[Start of section]

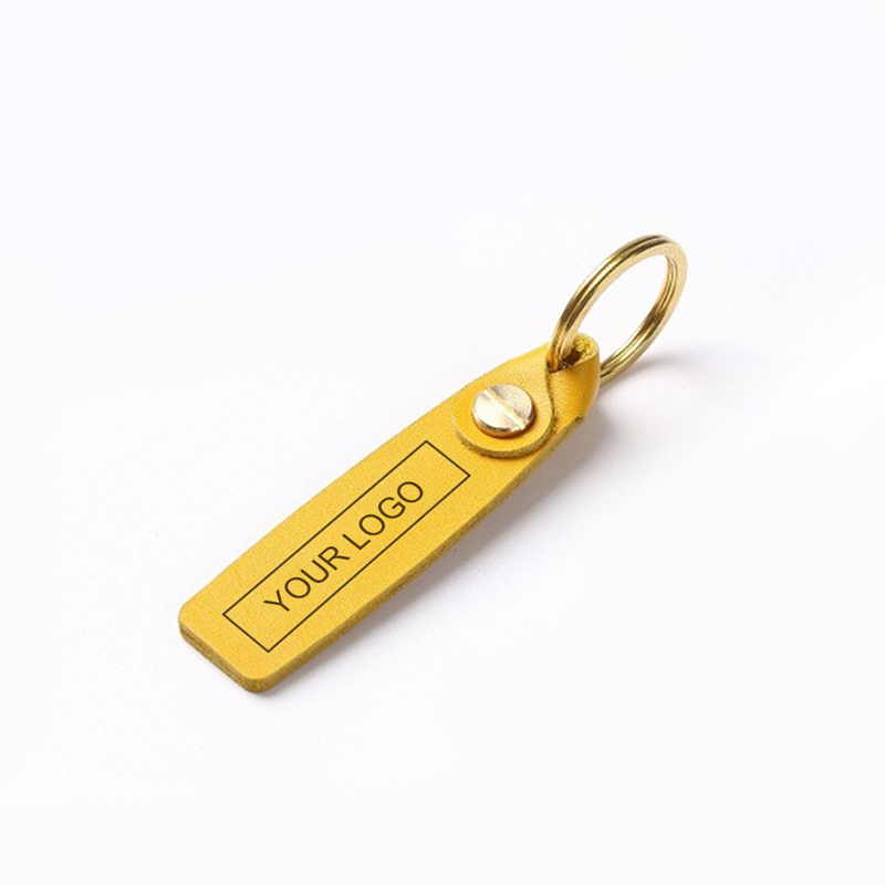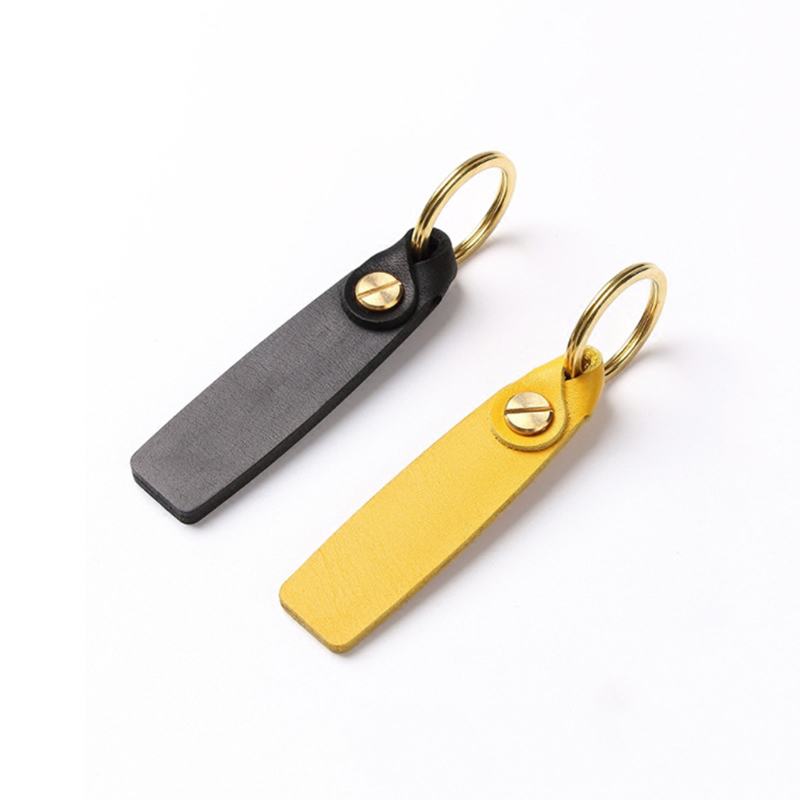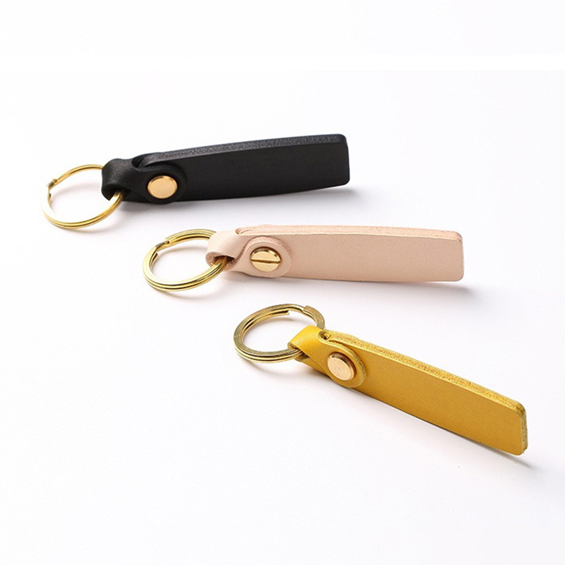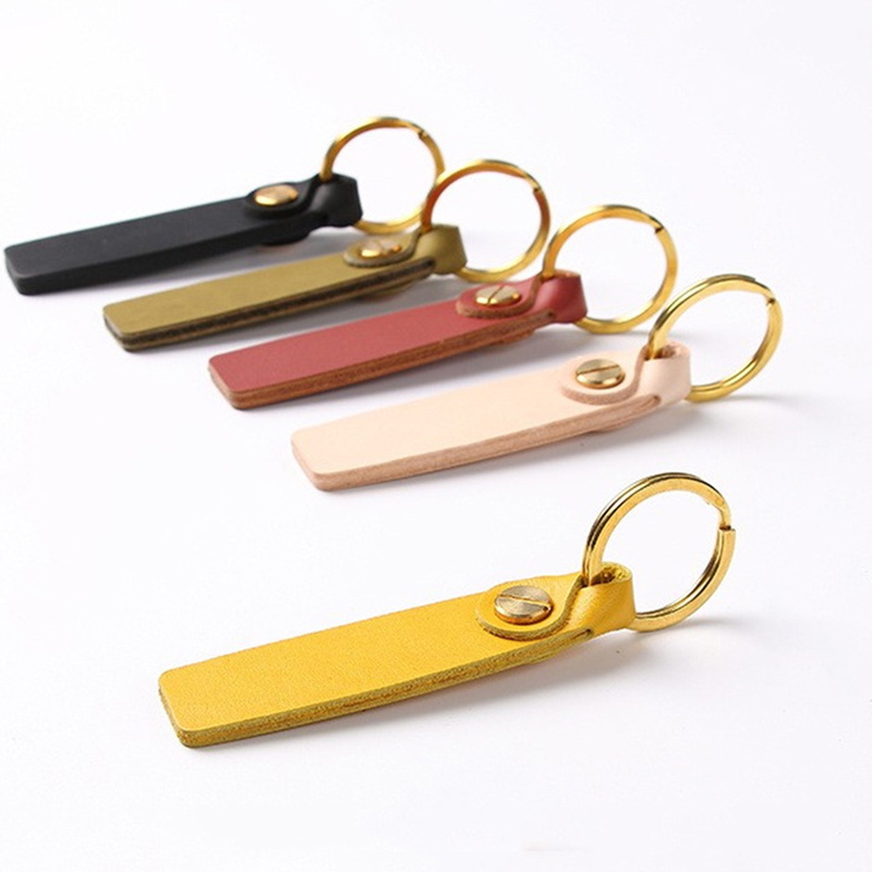 These keychains are crafted from premium leather, available in colors like black, olive green, red, light pink, and yellow. Each features a gold metal key ring and a metal stud, blending durable material with vibrant hues for a stylish, long-lasting accessory.
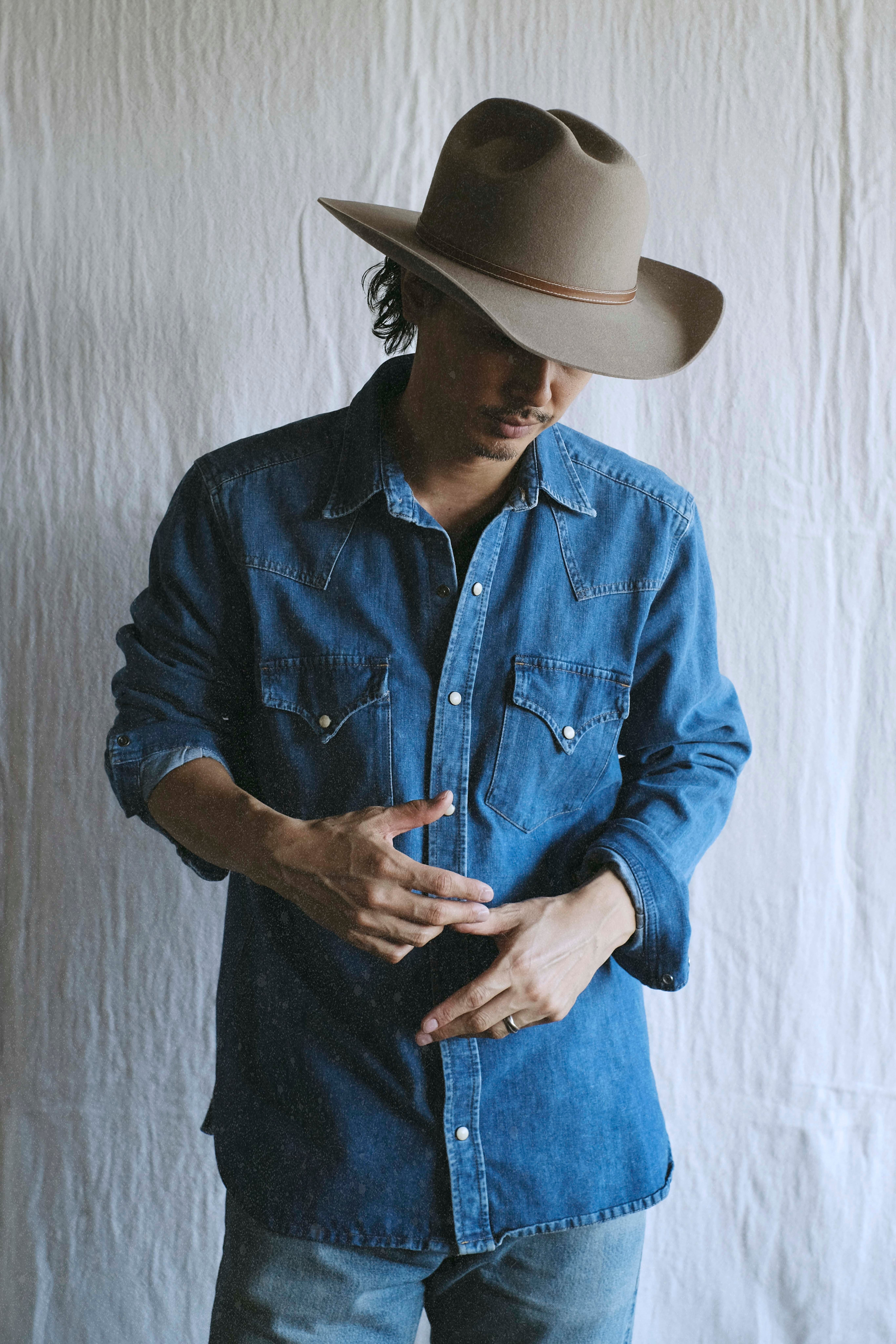 アーバンライクなカウボーイスタイルのハット。
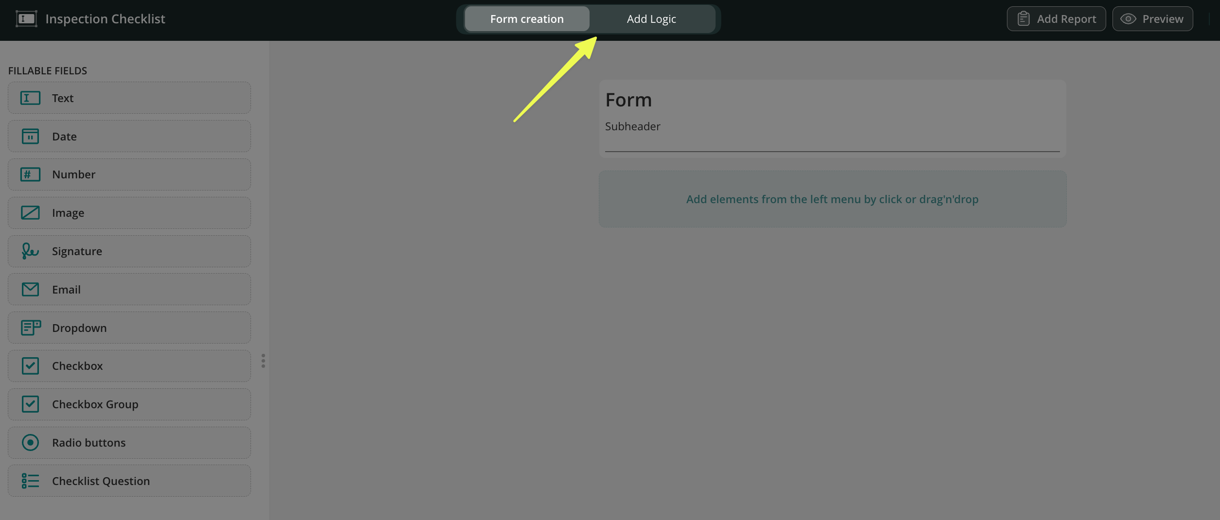 Add Logic tab– here you can configure the conditions for fields in the form to make them required, read-only, and hidden dynamically based on the options the users select in the form.
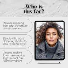 This downloadable eBook is more than just pretty pictures—it’s your personal roadmap to choosing, maintaining, and styling the perfect warm winter hair colors that elevate your appearance and confidence.
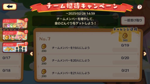 | チームメンバーを25人にしよう | 金のどんぐり×200 |
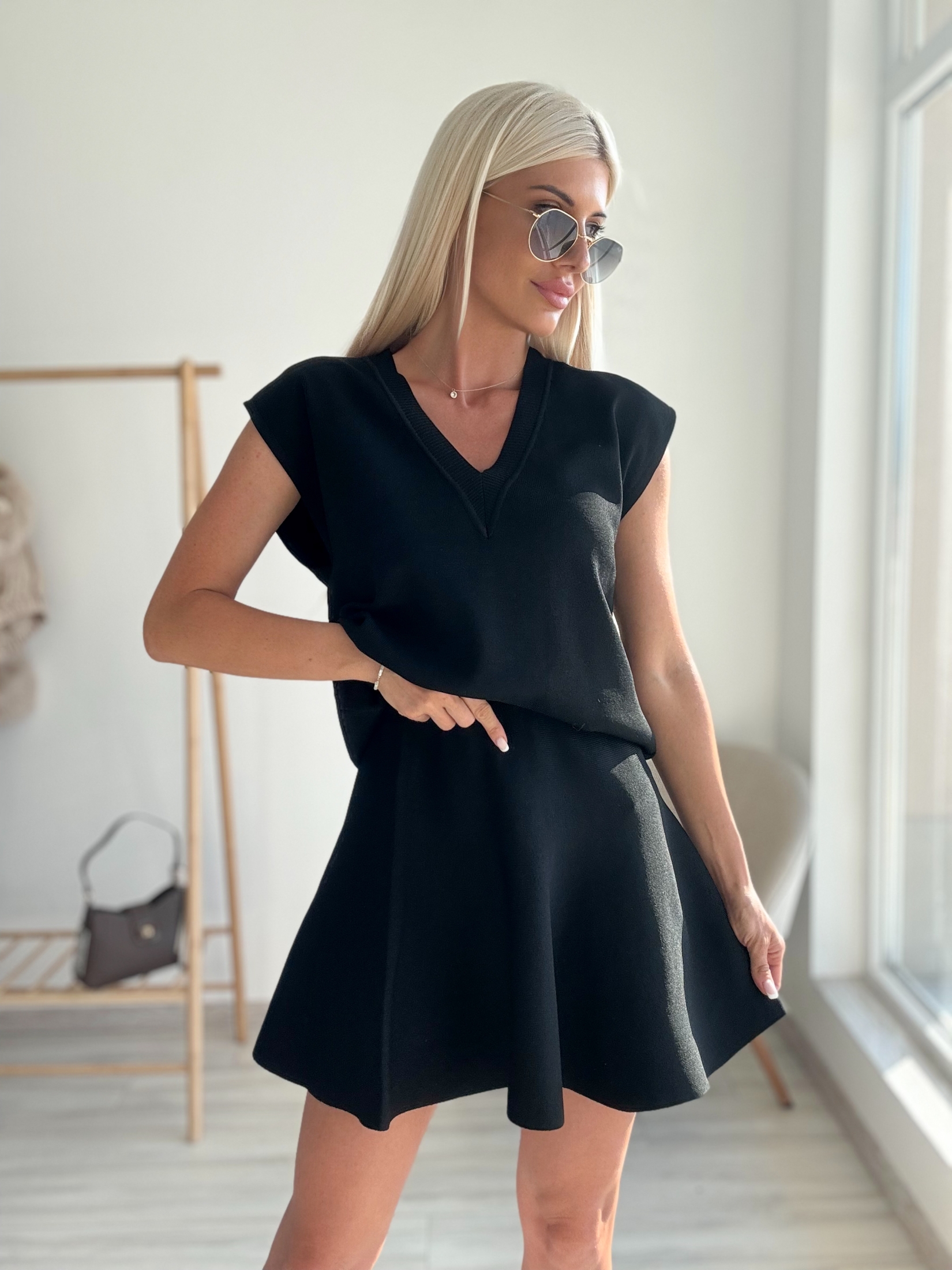 Елегантен черен сет с V-образно деколте и пола, идеален за специални поводи или стилна визия. Подчертава фигурата и осигурява комфорт.
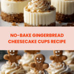 These No-Bake Gingerbread Cheesecake Cups are a festive and effortless dessert perfect for the holiday season. Combining a spiced gingerbread cookie crust with a creamy, lightly sweetened cheesecake filling infused with warm holiday spices, these cups are topped with whipped cream and charming mini gingerbread men. Ready in just a few hours with no oven required, they’re an ideal treat to prepare ahead of time and delight guests with their rich, seasonal flavor.
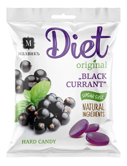 Состав: подсластитель — изомальт, сироп мальтозный, регулятор кислотности — кислота лимонная, подсластитель — стевиозид, ароматизатор натуральный (чёрная смородина), краситель пищевой натуральный (антоцианы).
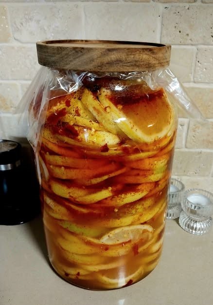 לוקחים לימונים סוחטים ושופכים מעל הכול בערך חצי מכמות הצנצנת תהיה מלאה במיץ,אח"כ
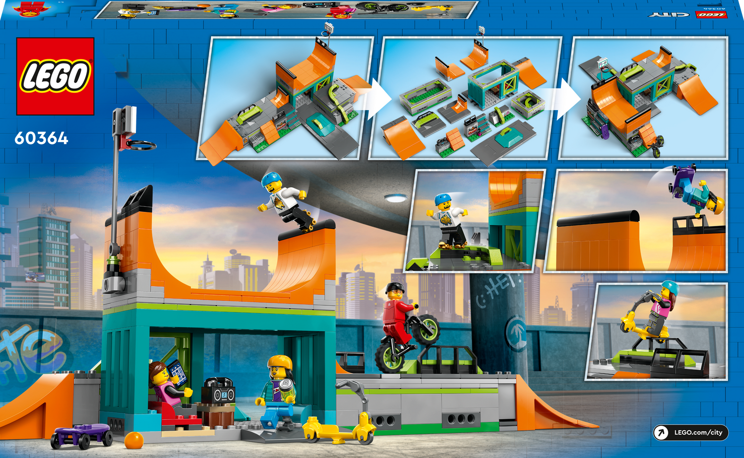 Ümberkujundatav rulapargi mängukomplekt alates 6-aastastele. Kombineeritavate rambimoodulite, BMX-ratta, rula, rulluiskude ja nelja minifiguuriga.
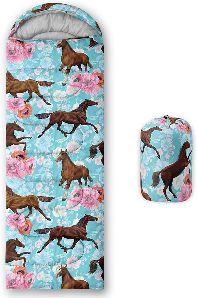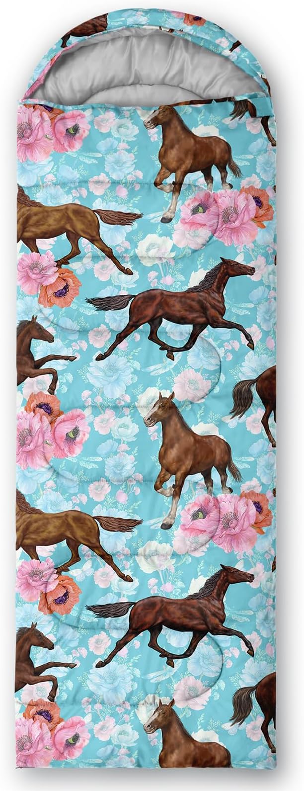 • 【Fits For 3 Seasons】: Size - 31 by 90 inches (W x D). Our Horses sleeping bag can be used in 3 seasons with a design temperature of 32℉-77℉(0℃-25℃). These Sleeping bags also have a weather resistant waterproof design to keep you warm and prevent you from any dampness.
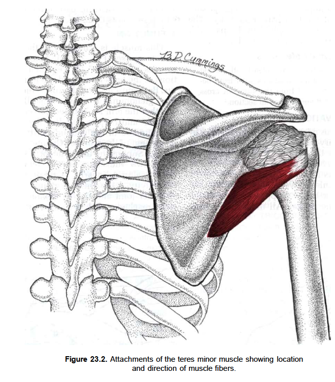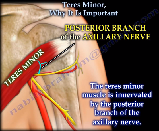 The muscle is innervated by the posterior branch of axillary nerve where it forms pseudoganglion. Pseudoganglion has no nerve cells but only nerve fibres are present. Damage to the fibers innervating the teres minor is clinically significant.
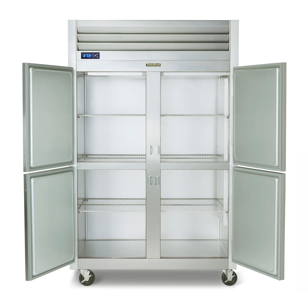 Equipped with a top-mounted condenser, this Traulsen G22000 two-section freezer produces temperatures at a designated level between -5 and 0 degrees Fahrenheit. However, it can also be programmed at -10 degrees Fahrenheit for products that need a deep chill. Cold temperatures are maintained by R-448A hydrocarbon refrigerant flow. Because the thermostatic expansion valve adjusts the flow rate depending on the current temperature, the interior can quickly return to its set level.
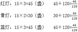 分析:根据已知条件可知,步行街一侧的彩灯是按“3盏红灯、2盏黄灯、3盏蓝灯”共8盏彩灯为一组排列的。由此可求出120盏彩灯一共有几个循环周期,再分别求出红灯、黄灯和蓝灯的盏数,最后分别除以120盏彩灯,即可求出红灯、黄灯和蓝灯各占彩灯总数的几分之几。
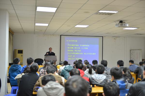 讲座开始,主持人简单介绍了研究生毕业论文的相关日程安排。接着,于盛林教授就毕业论文撰写的具体细节进行了深入的指导。从论文格式的基本要求,到论文内容的创新内涵;从学位论文的基本框架,到公式图表的符号编辑,于教授都进行了细致周到的讲解,于教授清晰的逻辑、详细的讲解、幽默的语言激发了同学们的认真思考。作为具有多年审查论文经验的老专家,于教授对审核过程中的细节及注意事项熟稔于心。最后,于教授和同学们展开深入的交流,耐心地解答同学们提出的问题。听完讲座,同学们以热烈的掌声感谢于盛林教授为大家做的精彩报告,纷纷表示会以严谨认真的态度对待研究工作,以实事求是的态度评价研究成果,将完成毕业论文看作是创作与提升的过程。
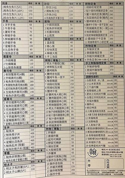 因為冊子式的菜單沒有單價,所以後來我們只看表格式菜單,才能一目瞭然每個種類點了幾樣、冷熱食或生食類是平衡……之類的。
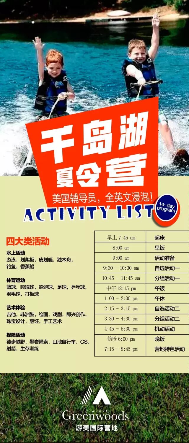 为了满足家长和营员对单周营地的强烈需求,游美千岛湖营地决定新推两期单周体验营项目,每期仅限20人。
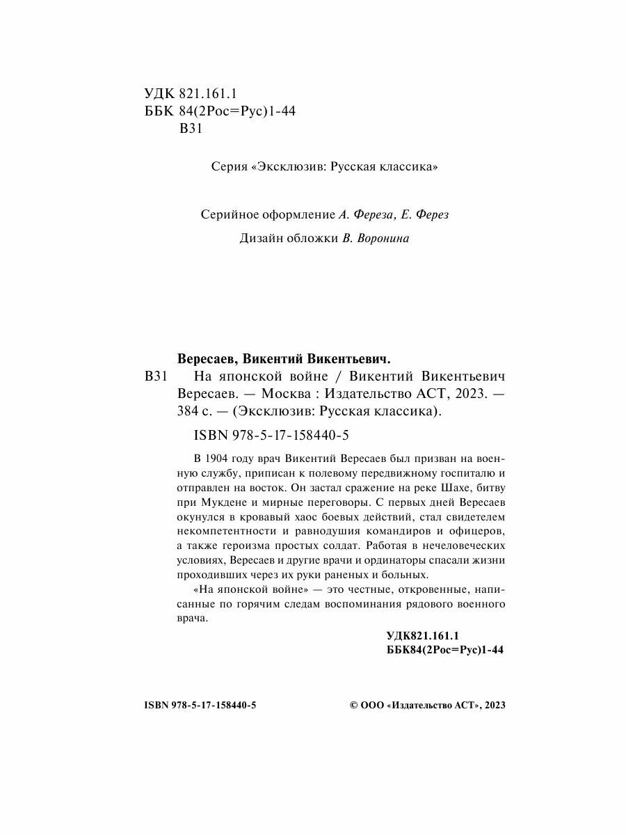 Книга: На японской войне (Вересаев Викентий Викентьевич); ИЗДАТЕЛЬСТВО "АСТ", 2023
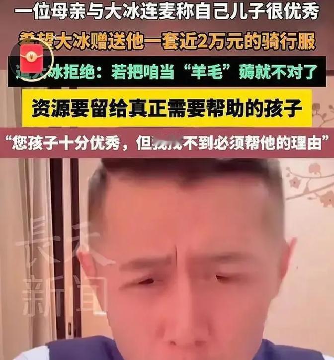 1月19日山东泰安,一位母亲在大冰直播间连麦,直接开口要一套两万元的骑行服给19岁儿子,理由是孩子是全国中学生运动会400米冠军、山东大学特长生。 大冰听完当场拒绝,说主动要的东西他不给,这句话瞬间点燃全网争论。 事情核心很简单,少年有成绩有光环,母亲却把冠军当成了开口要礼物的通行证,而不是自己去努力攒钱或找正规赞助。 后续大家挖出,这位母亲账号经常参与各种抽奖薅羊毛,从小家电到机票都不放过,习惯了零成本获取。 而大冰直播后台,类似求助私信超两千条,有人P假病历,有人造残疾证明,各种套路层出不穷,说明这种“先秀人设再道德绑架”的操作已经成流水线了。 拒绝其实是在守底线,资源该给真正走投无路的人,而不是帮别人满足虚荣或额外享受。 数据显示,直播平台近几年严打诱导和虚假求助,2025年一季度抖音就永久封了上千个靠情感伪装骗打赏的账号,违规举报量降了七成多,说明假故事确实挤占了真需求的空間。 家长心态也值得警惕,很多“优秀”孩子的家庭潜意识里觉得成绩就能换特权,从学校插队到生活福利都想优先,这套逻辑直接搬到直播间,冠军头衔瞬间变优惠券。 可体育训练最缺的不是装备炫耀,而是面对拒绝还能继续咬牙坚持的韧性。 大冰以前送过吉他、电脑给需要把东西变成谋生工具的人,这次骑行服对职业选手是必需,对业余或有光环的少年,更像是锦上添花的装饰。 边界感才是真善意,无限满足只会让人失去自己争取的动力,长远看害大于利。 少年真正需要的,是学会“要不到就靠自己挣”的那份硬气,而不是总指望别人代付人生账单。 世界从不会因为奖牌就自动让路,成长的底色是自己掏腰包买单,哪怕慢慢分期,也比分分钟伸手更有尊严。

[End of section]

## Problem requirements
Quote the lines above exactly, starting with the one that has "The muscle is" and ending with the one that has "分析:根据已知条件可知,步行"; drop the pictures and include nothing else.

## Output for this task
 The muscle is innervated by the posterior branch of axillary nerve where it forms pseudoganglion. Pseudoganglion has no nerve cells but only nerve fibres are present. Damage to the fibers innervating the teres minor is clinically significant.
 Equipped with a top-mounted condenser, this Traulsen G22000 two-section freezer produces temperatures at a designated level between -5 and 0 degrees Fahrenheit. However, it can also be programmed at -10 degrees Fahrenheit for products that need a deep chill. Cold temperatures are maintained by R-448A hydrocarbon refrigerant flow. Because the thermostatic expansion valve adjusts the flow rate depending on the current temperature, the interior can quickly return to its set level.
 分析:根据已知条件可知,步行街一侧的彩灯是按“3盏红灯、2盏黄灯、3盏蓝灯”共8盏彩灯为一组排列的。由此可求出120盏彩灯一共有几个循环周期,再分别求出红灯、黄灯和蓝灯的盏数,最后分别除以120盏彩灯,即可求出红灯、黄灯和蓝灯各占彩灯总数的几分之几。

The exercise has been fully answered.